The liver is the centerpiece of an enterohepatic pathway, particularly for bile salts and IgA immunoglobulins. These are secreted through the biliary system to the duodenum. These, and other substances, are then recovered from the gut for recycling. They enter the circulation and are returned to the liver for processing via the portal circulation. The ileum is a particular important site of reabsorption in this enterohepatic pathway.

26
Q

Explain the histological features of the layers of the gallbladder. (epithelium, lamina propria, etc.)

How is bile concentrated?

A

The gall bladder is a thin-walled structure with a characteristic highly-infolded mucosa and simple columnar epithelium. The mucosa has many branched infoldings that permit distention of the organ that give the appearance of cystoid spaces in cross sections. The lamina propria is situated on a thin layer of smooth muscle without any conspicuous submucosa.
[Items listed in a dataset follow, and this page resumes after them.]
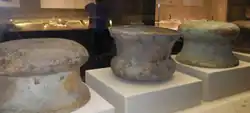 La famille des bronzes cérémoniels, vases ou urnes, cloches ou tambours, fut élaborée à partir des qualités reconnues du nouvel alliage de cuivre : beauté, sonorité, adaptabilité, solidité, pérennité sinon éternité. La fonte du bronze maîtrisée, après les pointes de flèche et les chaudrons réussis, les artisans vont développer, de fin BCE au CE, la production d‘objets cérémoniels dont la parenté est visible, qu'il s'agisse de leurs décorations ou de leurs usages, souvent musicaux. Ci-contre, comparées à un tambour vietnamien de référence (Sông Đà), des trouvailles de « cloche » et « d'urne » faites au Cambodge, ou encore de « bassine/tambour » au Vietnam, attestant d'une grande famille de bronzes cérémoniels.
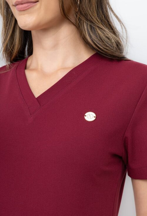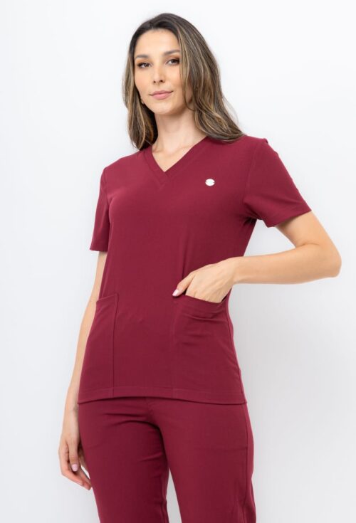 O scrub element clássico possui em sua composição 62% poliester e 33% viscose e 5% elastano. O toque da viscose proporciona leveza e todo o conforto.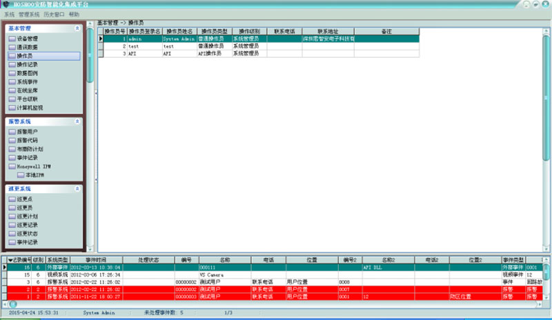 在平台软件中操作面板里的基本管理面板组上,点击【操作员】,功能区将显示操作员数据网格,如下图: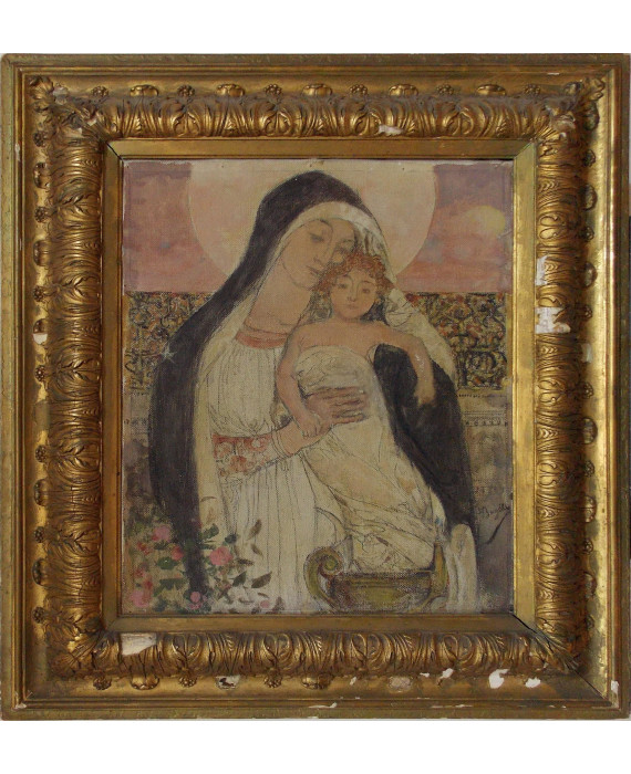 Signature firma in basso a destraTechnique: Olio e matita su tela applicata su cartoneSize: cm 59x46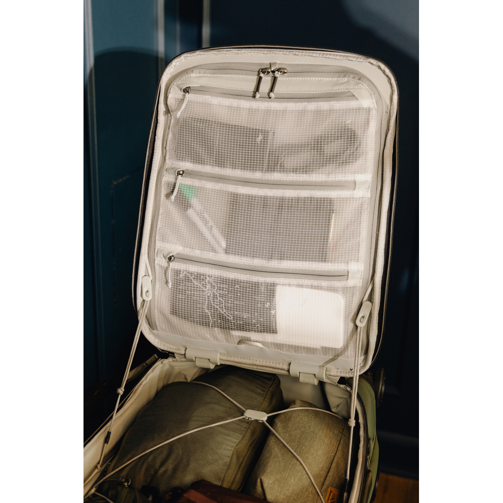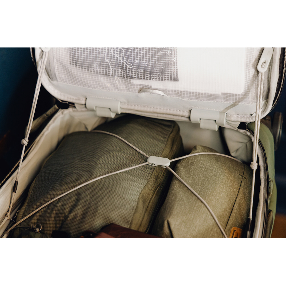 超高分子量ポリエチレン(UHMWPE)繊維を使ったコードフックシステムを採用し、荷物の量に合わせて中身を固定。大きさの異なるポーチやキューブを収納しても、移動中にバッグの中身がずれにくい工夫を施しています。

Externally, the gall bladder either has adventitial or serosal surfaces depending on the location. Note that the layers of the muscularis externa are in a random orientation-gallbladder has to wholly contract.

The gall bladder concentrates (as much as 10 fold) and stores bile secreted by the liver upon hormonal stimulation from small intestinal enteroendocrine cells. This is accomplished by active pumping of ions and water across the epithelial cell layer with absorption of fluid by lymphatic vessels and capillaries in the lamina propria.